### Provided records
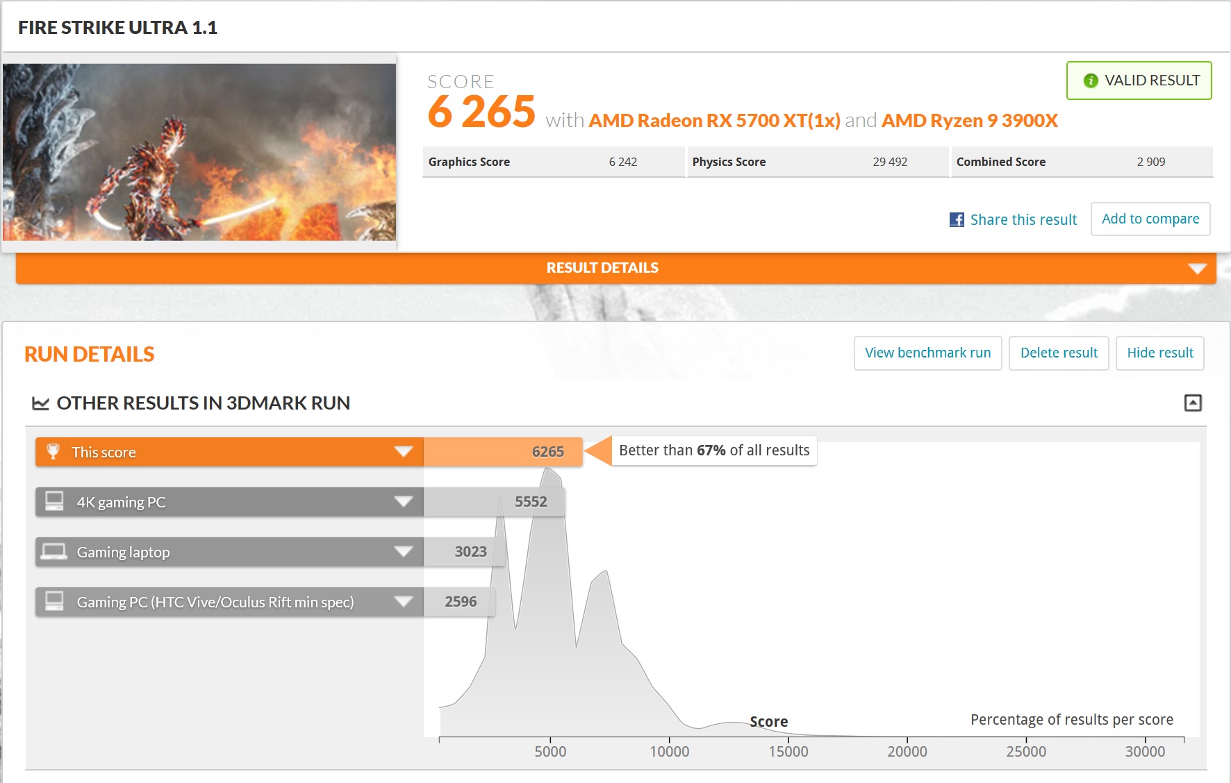 In all three 3DMark tests, the Cyberpower Hydro-X Ultra Gaming system performed very well. In both Time Spy and Fire Strike it achieved results better than over 95% of systems in the database. In Fire Strike Ultra, it still performed well – recording a score better than 67% of other systems tested.
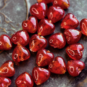 Бусина "Сердечко", стекло, цвет красный радужный, 10x10x6.5 мм
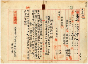 八 鉱業人総代徐阿増ト共同者張石渓・張玉富・羅進房ヨリ出願ノ桃園庁ト新竹庁両管内ニ於ケル石炭鉱区減区願ニ付キ許可ノ件(指令第五五九三号)
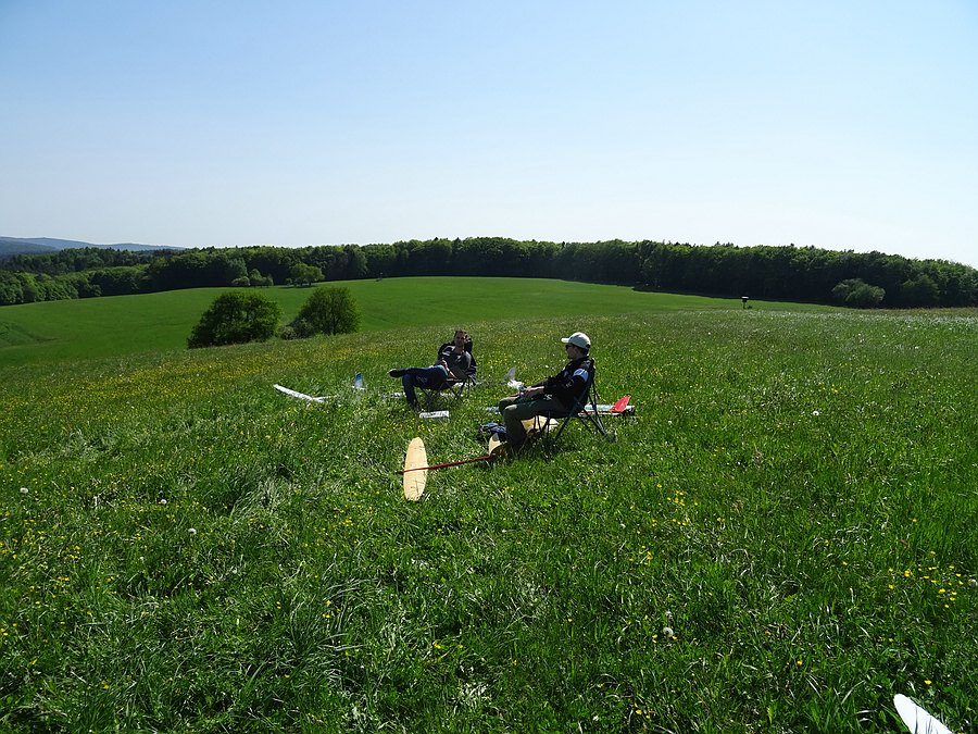 Der Hangwind reichte nicht, aber einige Thermikblasen ermöglichten dem DFS-Reiher Eigenbau von Jürgen und meiner B4 ein paar schöne Flüge. Für den Avatar reichte es sogar um permanent oben zu bleiben, da konnte ich bei dem schönen Wetter erst nach 2 Stunden aufhören und wieder einpacken :)
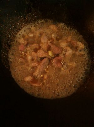 肉放到一边放入葱花蒜末姜丝煸炒一下出香味。
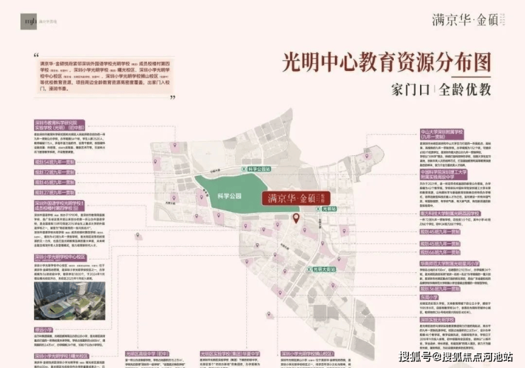 满京华·金硕项目直面占地约208万㎡的科学公园(在建中),近享深圳国际美术馆(暂定名、在建中)、深圳科学技术馆、科学城体育中心(在建中)、会议中心(规划中)等市政级文体配套;还坐拥狮山公园(规划中)、约9.4万㎡的东周文化公园,约10万㎡的开明公园,约56万㎡的新城公园等丰富绿色生态资源。
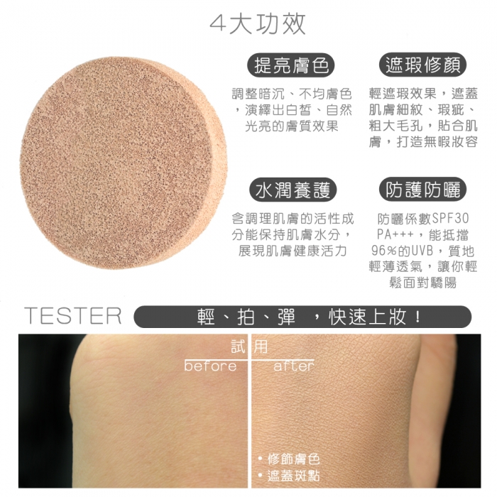 搭配不易吸水Q彈乳膠氣墊粉撲,沾取料體輕盈不沾黏,
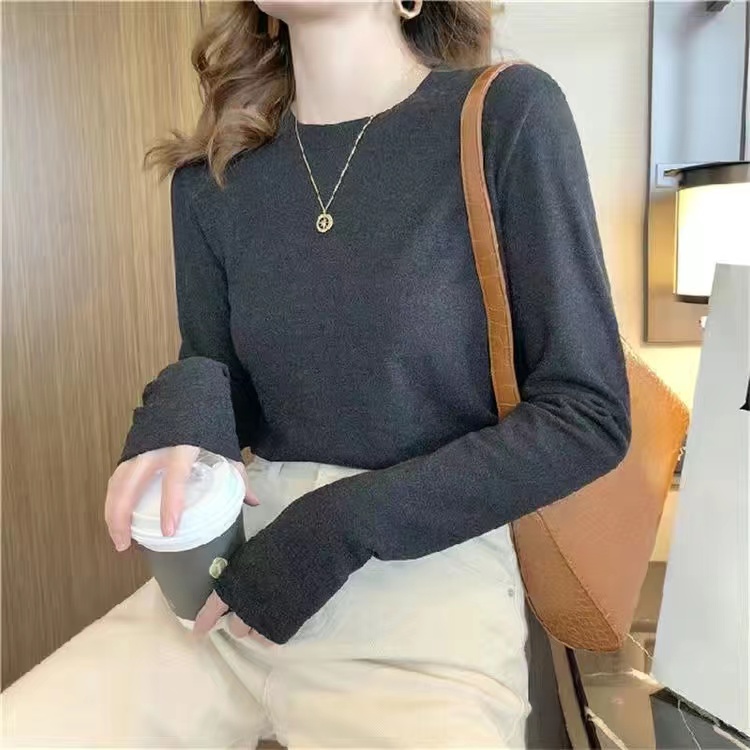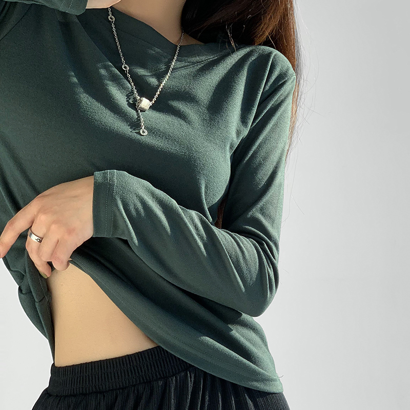 FN-3新款半高領純色時尚百搭顯瘦打底衫丅恤秋季節氣質簡約長袖
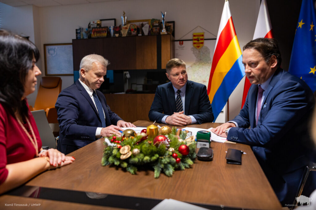 W spotkaniu uczestniczyły również: dyrektor Departamentu Innowacji i Przedsiębiorczości Emilia Malinowska oraz Anna Budzisz z referatu Rozliczeń Projektów UMWP.
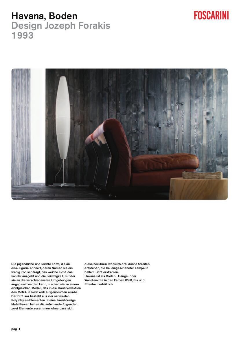 Die Havana Leuchte von Foscarini wurde zwar erst 1993 von Jozeph Forakis designt, gehört heute aber schon zu den Klassikern des Sortiments des italienischen Herstellers, der sich auf außergewöhnliche Qualitätsleuchten spezialisiert hat. Die Stehleuchte Havana überzeugt vor allem durch ihre beeindruckende Größe und den organisch geformten Lampenschirm, dessen schleierhafte Transparenz ein diffuses Licht zaubert und die Foscarini Leuchte so für gemütliche Wohnbereiche prädestiniert, in denen sie eine traumhafte Atmosphäre schafft. Zu Recht verdient die Leuchte Havanna deshalb ihren Platz in der dauerhaften Designkollektion des New Yorker Museum of Modern Art.
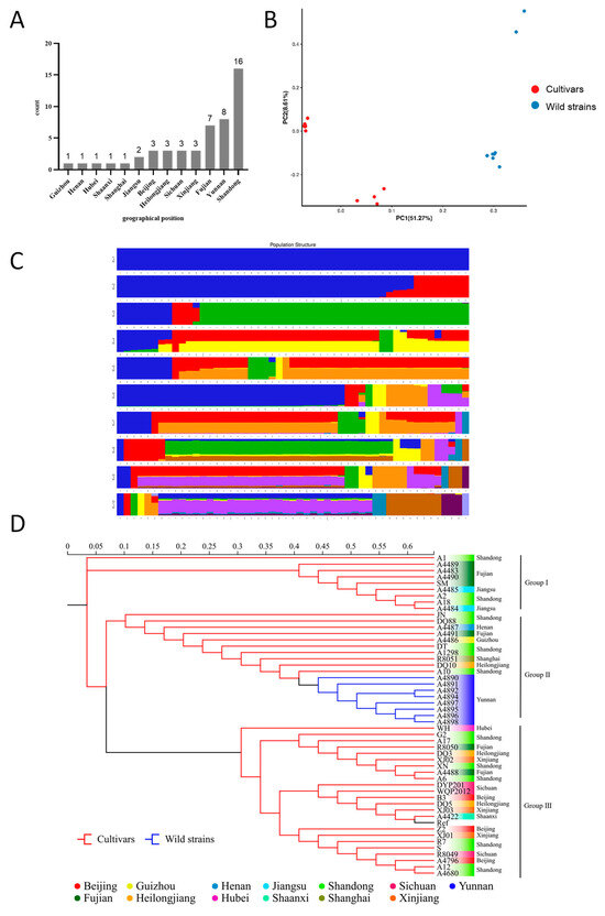 To validate the results of the phylogenetic analyses, all of the 888,536 high-quality SNPs from the 50 tested strains were analyzed using EIGENSOFT (v6.0.2) software. The PCA analyses helped to provide insight into the spatial representation of the samples in terms of clustering and phylogenetic relationships. Two-dimensional plots of the values of each sample on the first principal component (PC1) and the second principal component (PC2) showed the spatial genetic relationships between the materials, with PC1 and PC2 explaining 51.27% and 8.61% of the variance, respectively. The results of PCA showed significant genetic diversity between the cultivated strains (Cultivars) and the wild strains (Wild strains) (Figure 2B). Genetic diversity was also observed among strains within Cultivars and wild strains. Generally, the distributions of the two dimensions generated by PCA analyses of all the 50 strains showed the classification of all the cultivars into two clusters (Figure 2A).
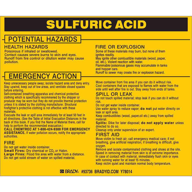 This is manufactured by Brady Corporation. The manufacturer part number is 93736. Applications Information- notice. It is assigned with possible HTSUS value of 3919.90.5060. The product is rohs3 compliant. The symbol only legend includes - no symbol. Arrangement configuration includes - text only. Furthermore, the product is 3.500" (88.90mm) wide. Location Information - outdoor. The background colour is yellow. In addition, it is reach unaffected. The product is widely employed in facility. The brady corporation's product offers user-desired applications. It is pre-printed. Language include - english. Its typical moisture sensitivity level is not applicable. Its accurate length is 4.500" (114.30mm). While text on legend is - sulfuric acid. It has a long 4 weeks standard lead time. The splendid features of the product include abrasion resistant, chemical resistant. The product is available in adhesive configuration. The product's body is manufactured from highly durable vinyl materials. The product brady®, is a highly preferred choice for users. The legend is black. In addition, bulk is the available packaging type of the product. It is a rectangle product with unique specifications. The product is designated with the ear99 code number.
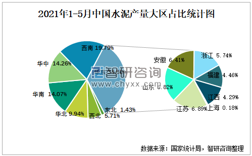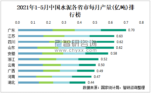 根据国家统计局数据显示:2021年各季度(第二季度目前暂只统计4月和5月数据)中国水泥主要集中在华东、西南、华中地区生产;2021年1-5月中国水泥产量大区分布不均衡,其中华东地区产量最高,特别是江苏、山东、安徽贡献的产量占比较多;2021年1-5月中国水泥各省市产量呈现梯队式分布,广东、江苏、四川等省产量最多。
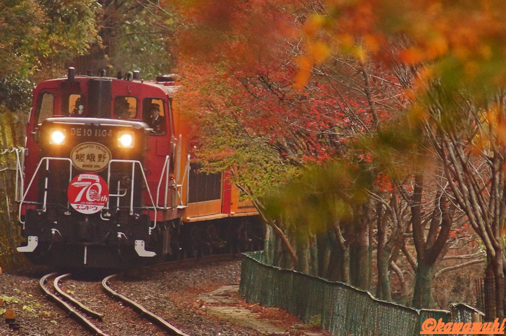 トロッコ保津峡駅からの撮影です。 見ごろな色合いが見つからず思いっきりロングレンジで撮影してみました!(^^♪
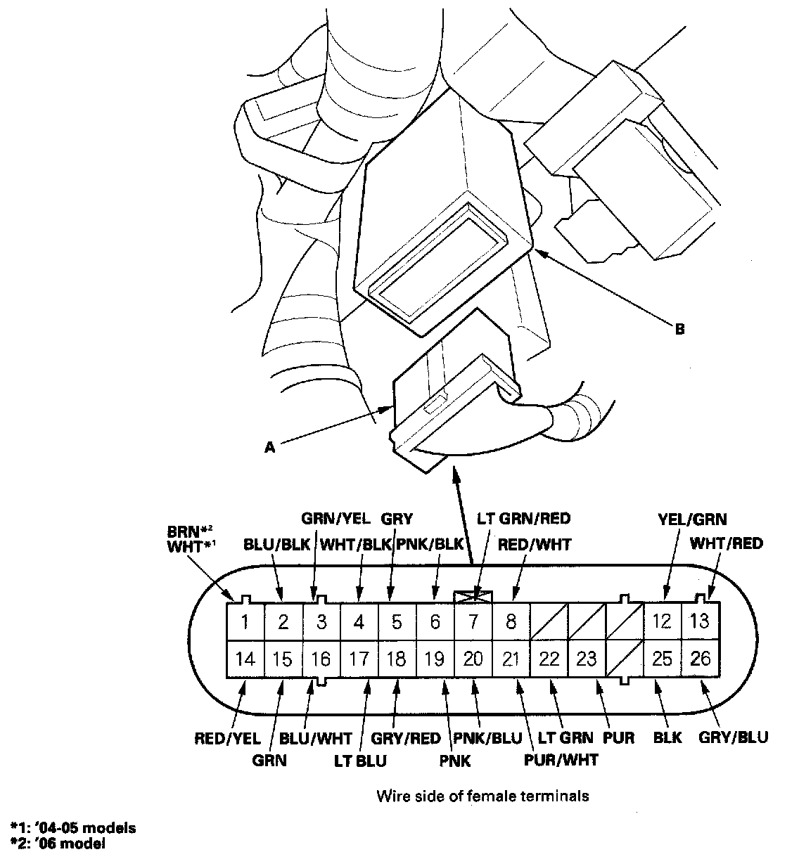 3. Disconnect the 26P connector (A) from the power mirror control unit (B).

### What to produce
Pictures stay out; the data above is to be returned exactly.

### Output for this task
 In all three 3DMark tests, the Cyberpower Hydro-X Ultra Gaming system performed very well. In both Time Spy and Fire Strike it achieved results better than over 95% of systems in the database. In Fire Strike Ultra, it still performed well – recording a score better than 67% of other systems tested.
 Бусина "Сердечко", стекло, цвет красный радужный, 10x10x6.5 мм
 八 鉱業人総代徐阿増ト共同者張石渓・張玉富・羅進房ヨリ出願ノ桃園庁ト新竹庁両管内ニ於ケル石炭鉱区減区願ニ付キ許可ノ件(指令第五五九三号)
 Der Hangwind reichte nicht, aber einige Thermikblasen ermöglichten dem DFS-Reiher Eigenbau von Jürgen und meiner B4 ein paar schöne Flüge. Für den Avatar reichte es sogar um permanent oben zu bleiben, da konnte ich bei dem schönen Wetter erst nach 2 Stunden aufhören und wieder einpacken :)
 肉放到一边放入葱花蒜末姜丝煸炒一下出香味。
 满京华·金硕项目直面占地约208万㎡的科学公园(在建中),近享深圳国际美术馆(暂定名、在建中)、深圳科学技术馆、科学城体育中心(在建中)、会议中心(规划中)等市政级文体配套;还坐拥狮山公园(规划中)、约9.4万㎡的东周文化公园,约10万㎡的开明公园,约56万㎡的新城公园等丰富绿色生态资源。
 搭配不易吸水Q彈乳膠氣墊粉撲,沾取料體輕盈不沾黏,
 FN-3新款半高領純色時尚百搭顯瘦打底衫丅恤秋季節氣質簡約長袖
 W spotkaniu uczestniczyły również: dyrektor Departamentu Innowacji i Przedsiębiorczości Emilia Malinowska oraz Anna Budzisz z referatu Rozliczeń Projektów UMWP.
 Die Havana Leuchte von Foscarini wurde zwar erst 1993 von Jozeph Forakis designt, gehört heute aber schon zu den Klassikern des Sortiments des italienischen Herstellers, der sich auf außergewöhnliche Qualitätsleuchten spezialisiert hat. Die Stehleuchte Havana überzeugt vor allem durch ihre beeindruckende Größe und den organisch geformten Lampenschirm, dessen schleierhafte Transparenz ein diffuses Licht zaubert und die Foscarini Leuchte so für gemütliche Wohnbereiche prädestiniert, in denen sie eine traumhafte Atmosphäre schafft. Zu Recht verdient die Leuchte Havanna deshalb ihren Platz in der dauerhaften Designkollektion des New Yorker Museum of Modern Art.
 To validate the results of the phylogenetic analyses, all of the 888,536 high-quality SNPs from the 50 tested strains were analyzed using EIGENSOFT (v6.0.2) software. The PCA analyses helped to provide insight into the spatial representation of the samples in terms of clustering and phylogenetic relationships. Two-dimensional plots of the values of each sample on the first principal component (PC1) and the second principal component (PC2) showed the spatial genetic relationships between the materials, with PC1 and PC2 explaining 51.27% and 8.61% of the variance, respectively. The results of PCA showed significant genetic diversity between the cultivated strains (Cultivars) and the wild strains (Wild strains) (Figure 2B). Genetic diversity was also observed among strains within Cultivars and wild strains. Generally, the distributions of the two dimensions generated by PCA analyses of all the 50 strains showed the classification of all the cultivars into two clusters (Figure 2A).
 This is manufactured by Brady Corporation. The manufacturer part number is 93736. Applications Information- notice. It is assigned with possible HTSUS value of 3919.90.5060. The product is rohs3 compliant. The symbol only legend includes - no symbol. Arrangement configuration includes - text only. Furthermore, the product is 3.500" (88.90mm) wide. Location Information - outdoor. The background colour is yellow. In addition, it is reach unaffected. The product is widely employed in facility. The brady corporation's product offers user-desired applications. It is pre-printed. Language include - english. Its typical moisture sensitivity level is not applicable. Its accurate length is 4.500" (114.30mm). While text on legend is - sulfuric acid. It has a long 4 weeks standard lead time. The splendid features of the product include abrasion resistant, chemical resistant. The product is available in adhesive configuration. The product's body is manufactured from highly durable vinyl materials. The product brady®, is a highly preferred choice for users. The legend is black. In addition, bulk is the available packaging type of the product. It is a rectangle product with unique specifications. The product is designated with the ear99 code number.
 根据国家统计局数据显示:2021年各季度(第二季度目前暂只统计4月和5月数据)中国水泥主要集中在华东、西南、华中地区生产;2021年1-5月中国水泥产量大区分布不均衡,其中华东地区产量最高,特别是江苏、山东、安徽贡献的产量占比较多;2021年1-5月中国水泥各省市产量呈现梯队式分布,广东、江苏、四川等省产量最多。
 トロッコ保津峡駅からの撮影です。 見ごろな色合いが見つからず思いっきりロングレンジで撮影してみました!(^^♪
 3. Disconnect the 26P connector (A) from the power mirror control unit (B).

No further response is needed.